If you started again, what would you do differently?
“I’d join EPIC earlier as EPIC has been a really key organisation for us”.
“I think we’d also invest more heavily in automation and robotics earlier on. It's something that we do now, but it's something that there wasn't really an appetite to do earlier in the company's history”.
“We were running some processes at a loss for several years, which is an important mistake for a company to make. To avoid this, I’d spend more time reviewing the costs behind processes, to better understand their real cost”.
What words of wisdom do you have for the next generation of entrepreneurs?
“First, go to a large multinational corporation where you’ll get excellent training and unparalleled experience: You’ll have to give a lot, but you’ll get a lot back in return. In particular, you’ll meet incredible people who will become part of your future network”.

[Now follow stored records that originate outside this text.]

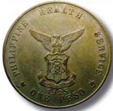
A specimen of the 1925 one peso token from the Culion Leper Colony.

ment, only the Philippine currency could be used. (2) In the leper colony proper, the legal currency was the leper money, made for the exclusive use of Culion patients. (3) All non-lepers who had any of the special currency in their possession were expected to exchange it for Philippine currency at Colony Hall. (4) All patients who had any of the Philippine currency in their possession were instructed to exchange it for leper money at the Culion general store. (5) All exchanges were made at par value. (6) The use of Philippine currency inside the colony was not permitted. (7) Any non-leper vendor who desired to sell merchandise to patients was required to obtain a permit. It stated that the vendor agreed to comply with all currency regulations established by the government. (8) Patients were required to pay for all such transactions in leper money, deposited in advance with the disbursing officer at the colony's gate. The officer, in turn, issued a receipt for the amount received. This was then
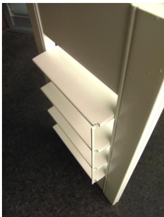
Basswood frame 25mm and 19mm thick

The warranties offered vary and from our experience we have found the local warranties of the reseller differ from that promoted by the Chinese manufacturer.
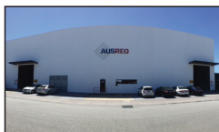
Moorabbin 33 Nelson Street, Moorabbin, VIC 3189 P 03 8552 8000 F 03 8552 8011
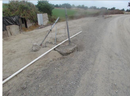
Looking northwest at fence poles on landside shoulder.
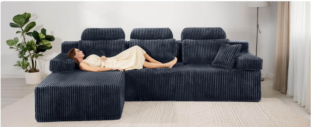
Image: Foam sectional sofa expanding after being unboxed, showing the material texture.
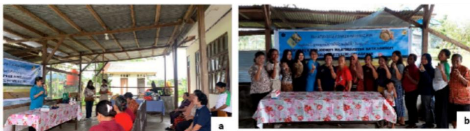
Figure 1. Community service activities. (a) Delivery of material; (b) Photos of training participants
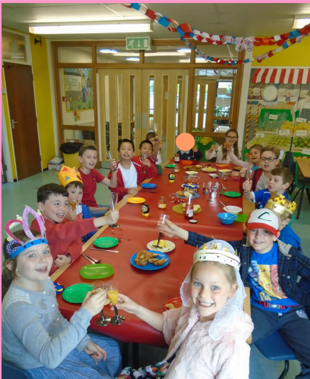
The Breakfast Club children had a royal start to the day!
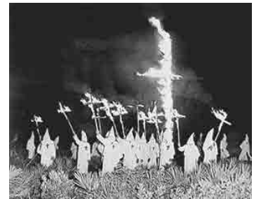
Klu Klux Klan, 1923

C. Hatred and warfare are more characteristic of a particular type of social organization and world view – a specific way of relating to other humans and life-forms all together? i.e., correlated with "exclusivity" (introduce or reiterate from ecological lectures). Implications of exclusivity on "hatred" and "war," and on the "ecological crisis."
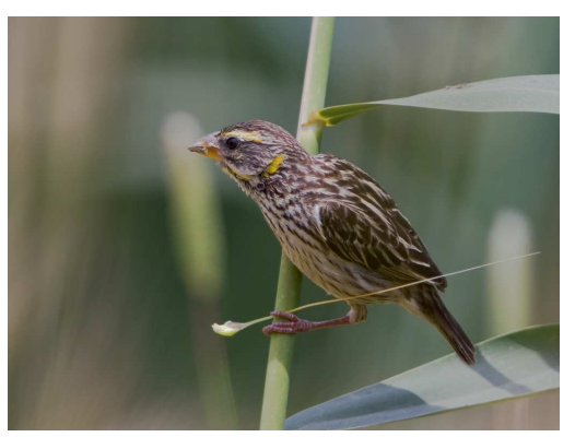
Streaked Weaver Abbasa 10th.

4 (1 pair + 2 \bigcirc ) Alqam 8th, 4 (1 \bigcirc + 3 \bigcirc ) in small reeds on both the southern and northern side of the bridge on the eastern side of the canal east of Abbasa 9th, and 25 at the same spot as the Red Adavats Abbasa 10th.
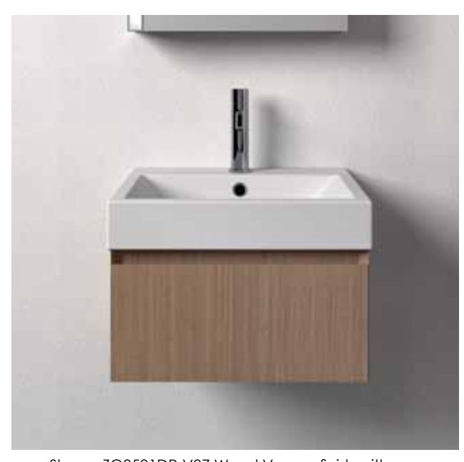
Shown ZO0501DR-V07 Wood Veneer finish with optional 15QZE00 washbasin
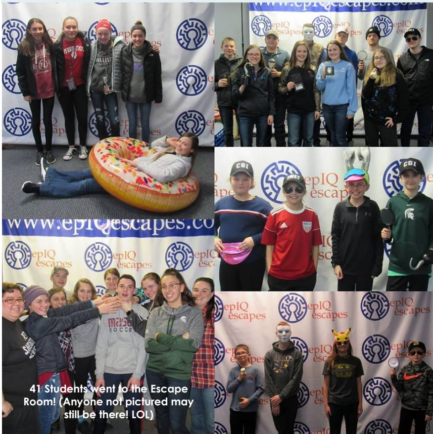
41 Students went to the Escape Room! (Anyone not pictured may still be there! LOL)

9 th —Parish Assembly! 10 th —ROCK & Encounter 10:00-11:30am (CC) ROCK 5-7pm (SJ) 12 th —ENCOUNTER 6-8pm (Mason) 17 th —Encounter 9:30-11:15am (CC) Ski Trip! 19 th —ENCOUNTER 6-8pm (Mason) 24 th —Encounter 9:30-11:15am (CC) Laser Tag & Trampolines 26 th —Encounter 6—8 pm (Mason)
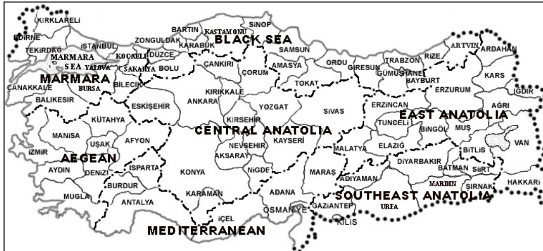
Figure 1: Map of the Regions of Turkey

sub-district and villages. This matter creates a limitation on the study and migration involves from/to each province as an aggregate data. This limitation is pointed out in Gedik's (1996) study too.
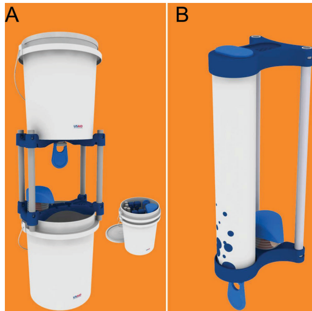
(A) bucket model design; (B) pipe model design.

The Povu Poa system uses 30%–77% less water than conventional handwashing stations used in Kenya.
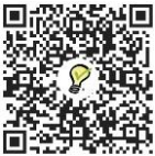
June 10 – Summer Night meal sign-up

Our first summer night will be Wednesday, June 10, 6:00 to 8:00 p.m. Join us for game night – bring your favorite board game or card game, and let's have some fun!
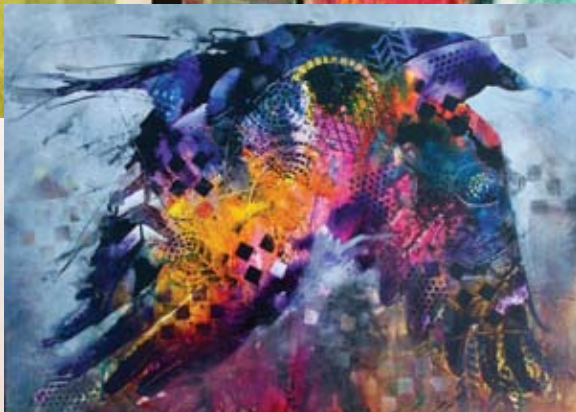
Raven
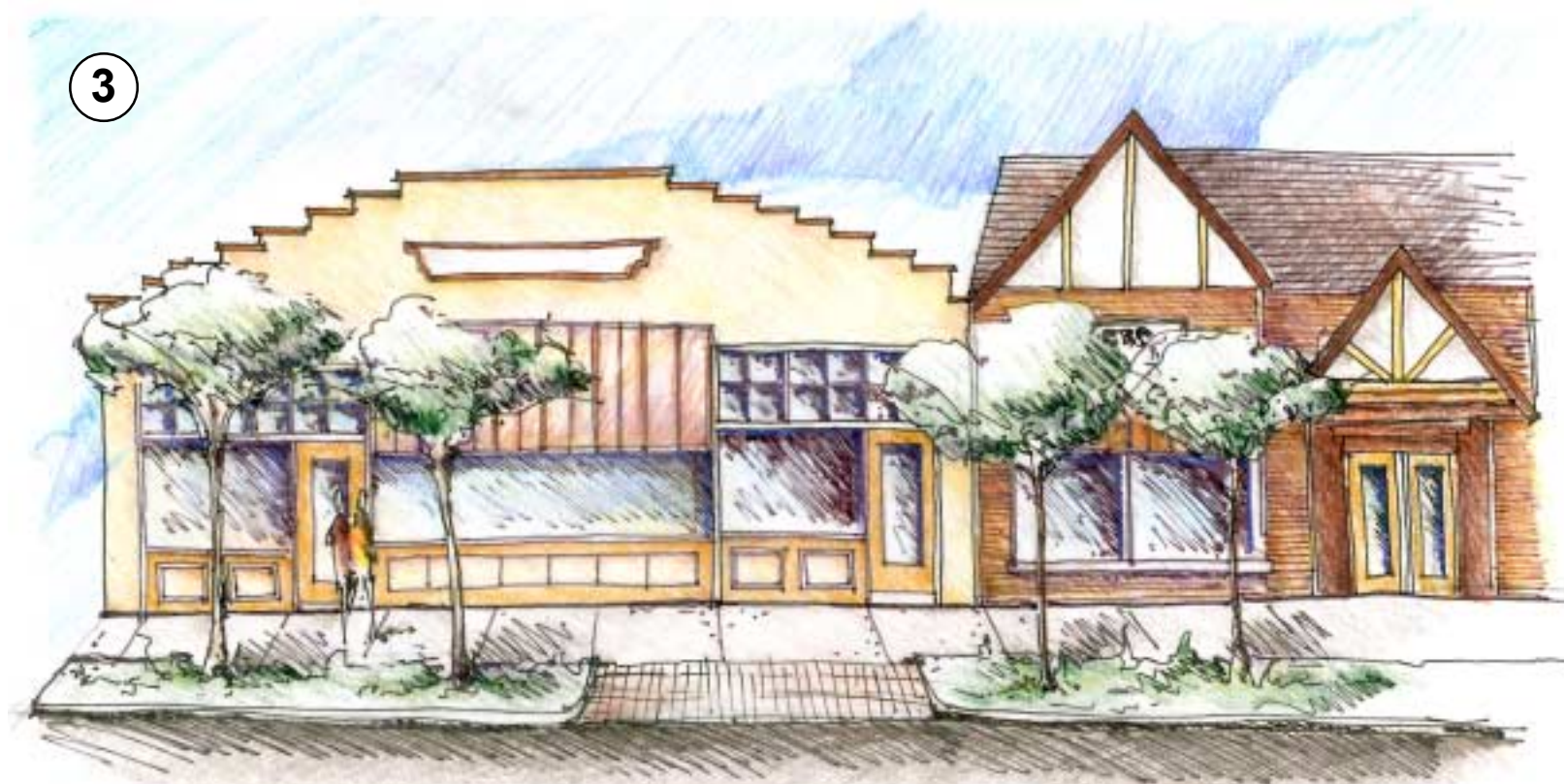
Preferred Advertising Co.
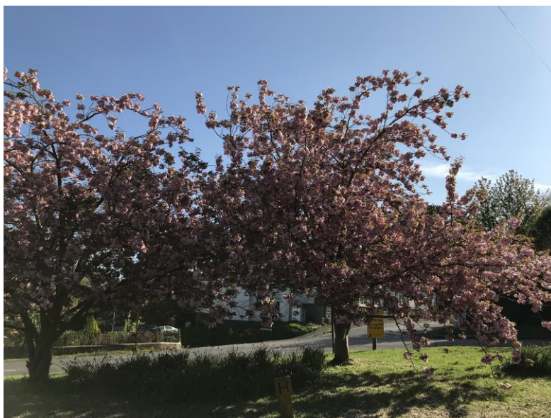
The iconic Dormansland cherry trees on the triangle
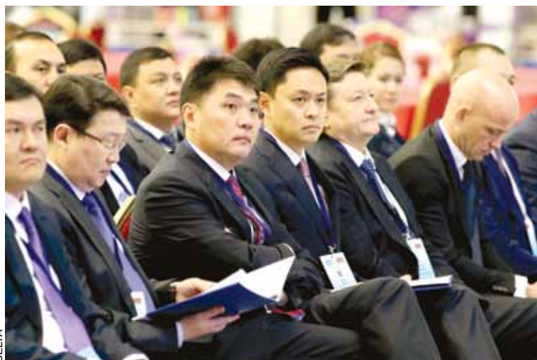
During the work of the forum

Our two counties have been interacting fruitfully in the industrial sphere, with quarry and mining machinery assembled in Karaganda. Belarusian tractors, grain
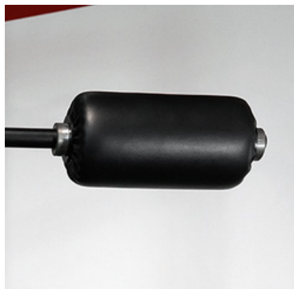
10" PAD LENGTH
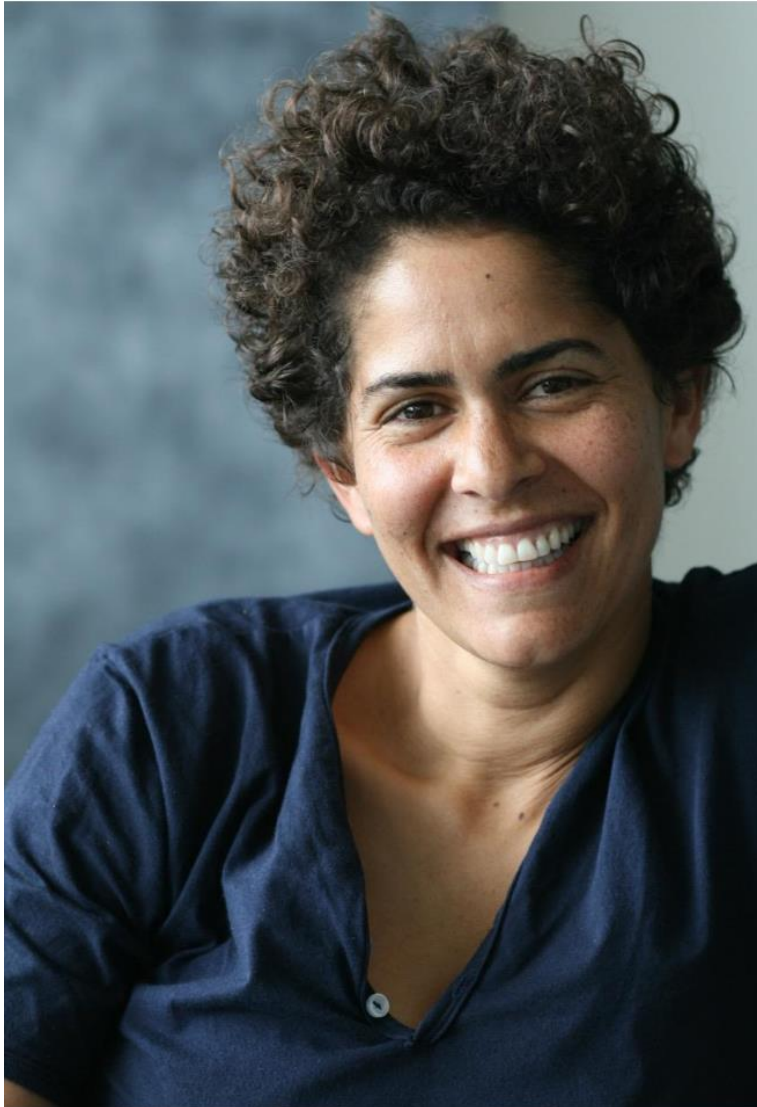
The artist Julie Mehretu. After a fellowship at the American Academy in Berlin in 2007, she counts Berlin as one of her favorite cities in which to paint.

Berlin's architecture, the amount of open space in the city, left an impression on her:
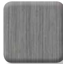
751 - Twilight Linea
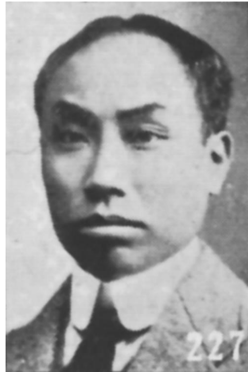
Chen Duxiu, founder of the Communist Party, was scapegoated and expelled from CP after 1927 massacre for carrying out Stalin’s orders (which he had opposed) to support Chiang Kai-shek. He subsequently joined the Trotskyist Left Opposition.

“It [the ‘people’s republic’] is willing to have the broad petty-bourgeois class unite with the masses in its territory. All petty-bourgeois revolutionary class elements will be given the right to vote and be elected in the soviet.”
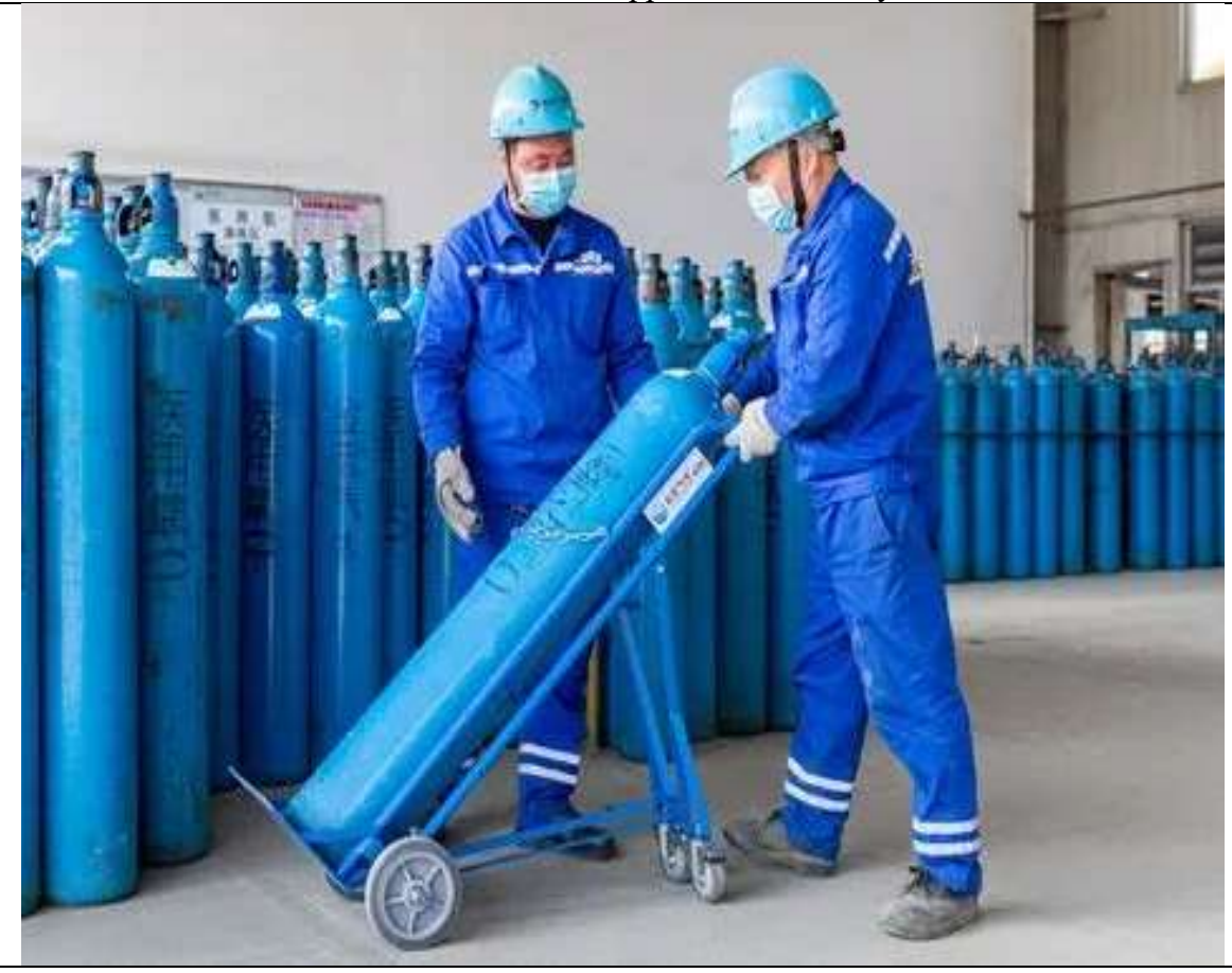
Equipped with gas cylinder transportation tools (gas cylinder special cart)

No obvious defects in the appearance of the cylinders
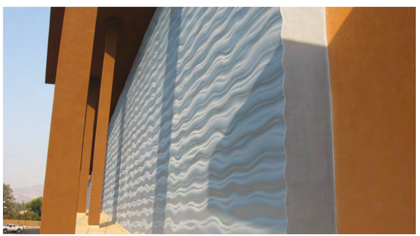
Finestone Pebbletex CI-DCA, incorporating Master Builders Solutions Metallic Effects, can produce an energy efficient building with endless design possibilities.
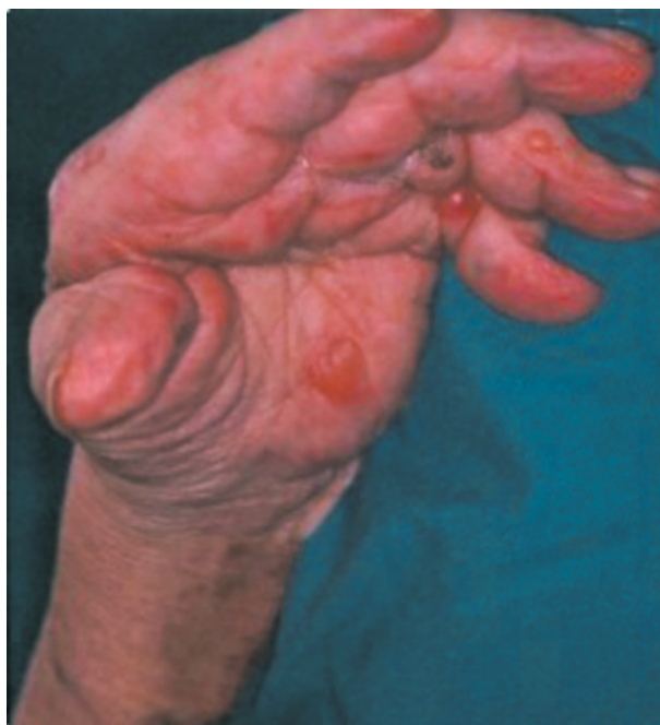
Figure 1 Hand with tense bullae within erythematous plaques
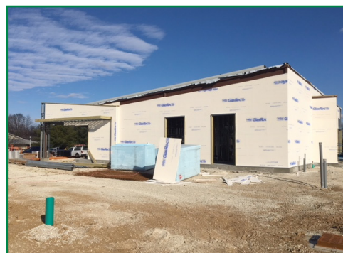
New Haven branch
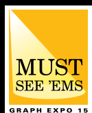
Grand Format Estimating

Director Arizona State University Print & Imaging Laboratory
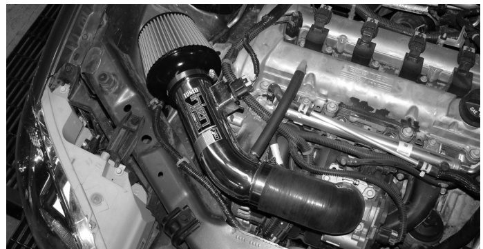
Tighten all clamps using 8mm nut driver. The short ram is now fully installed and ready to go.
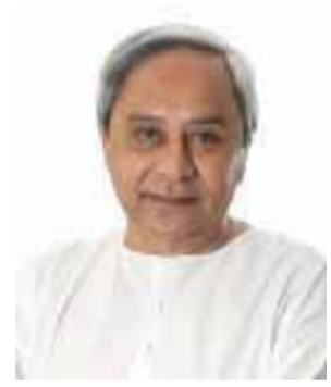
Minister Naveen Patnaik on Wednesday skipped the official Biju Jayanti celebration

PNS ■ BHUBANESWAR Biju Janata Dal (BJD) president and former Chief Minister Naveen Patnaik on Wednesday skipped the official Biju Jayanti celebration
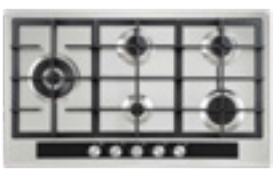
InAlto 90cm Gas Cooktop with Wok Burner
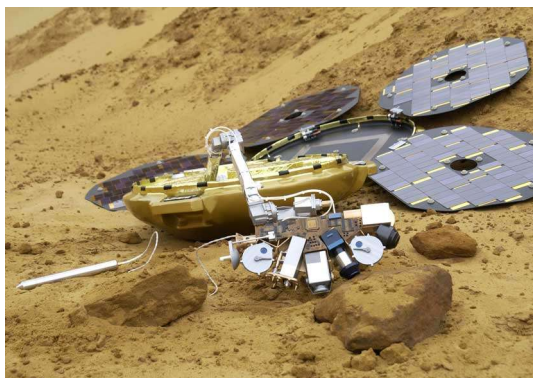
Figure 1: Beagle 2

On December 25th, 2003, a small lander, travelling with the Mars Express orbiter, was expected to land on Mars surface. Unfortunately, as with a high proportion of Mars landers, the Beagle 2 lander was unsuccessful. Various explanations of its failure have been proposed, including the possibility that the density of the Martian atmosphere is not as high as had been thought and, as a result, the parachute-brake failed to slow the lander sufficiently before impact. Despite this major setback, the design of the lander is considered so innovative and efficient (both in terms of cost and in terms of science-to-mass) that a future repeat attempt is being seriously considered. Funded by the European Space Agency, the authors have explored the possible roles of planning technology in space operations [13]. The project includes examining interactions between human operations planners and automated technology, initially in the context of operations plans for Beagle 2. Considerable expertise was built up around the Beagle 2 systems, including a partial domain model for human planning operations, and this has formed the core of a project to exploit planning technology to support mixed-initiative and partially automated planning for the lander operations.
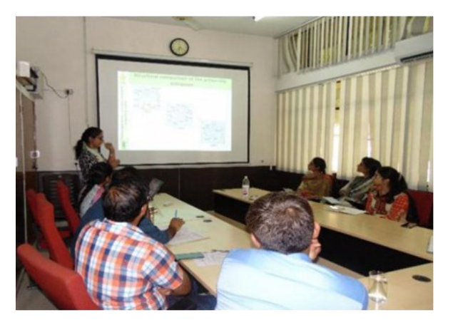
Some glimpses of institute seminar at ICAR-IIMR, Ludhiana
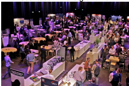
Centrally the buffet, surrounded by sponsor-stands of main sponsors.
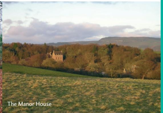
The Manor House
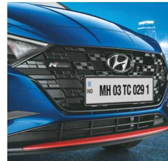
Chequered flag inspired front grille

Images are for creative purposes only. Please do not imitate. Hyundai encourages safe driving practices.
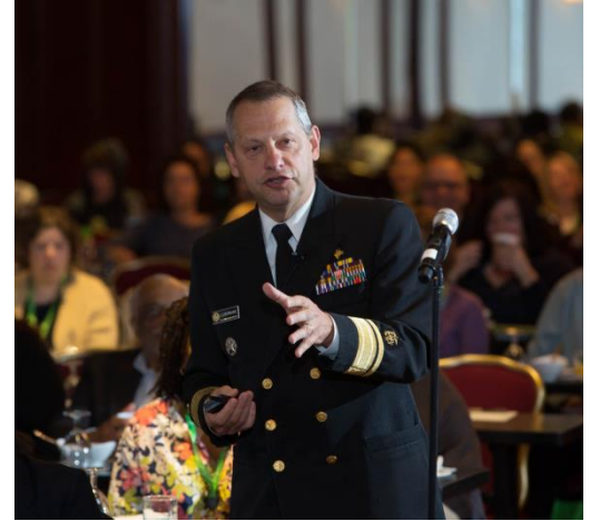
Rear Admiral Boris Lushniak, MD, MPH, Deputy Surgeon General of the United States delivers a dynamic presentation on skin cancer prevention.

The conference features a mix of state-of-the-art presentations and interactive, dynamic “conversations” among participants. The Dialogue equips participants with concrete tools and effective strategies for use in both clinical and public health settings. All participants are encouraged to take the dialogue back to their communities and workplaces to promote appropriate screening.
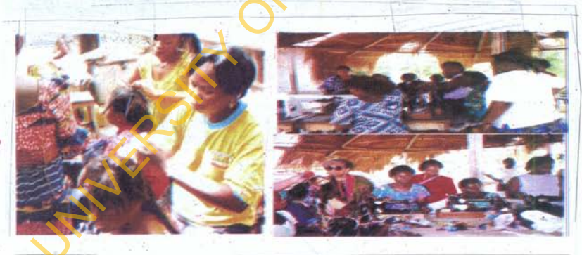
Fig. 4: Workers in the informal sector.

Exposure to these workplace hazards lead to various work-related diseases among the artisan trades (fig. 4). I have conducted surveys among at least 9 of these trades and obtained reports of work-related illnesses (Omokhodion et al. 1996, 2005, 2009, 2013, 2016). The tables below, 3a and 3b show the common health problems reported by workers in artisan trades.
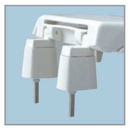
3" LIFT HINGES AND BUMPERS

“Second, chose the right type of investors. In my experience, things can go very wrong. Make sure the investor is appropriate for the expected lifetime of your product or service. Have a jointly agreed exit strategy and be aware of their expectations in relation to return on investment, in terms of timescale, capital and growth. Try to find investors who are genuinely interested in your company and in your technology and not just in the money”.
“Third, be very prepared not to sleep. Certainly, in the first year of Helia, I didn't take a day off and I was in every weekend and regularly worked over 24-hour shifts. It can be very exhausting and depressing, but don't give up”.
“Finally, hard work and opportunity can make you a CEO, but it’s your team that keeps you there”.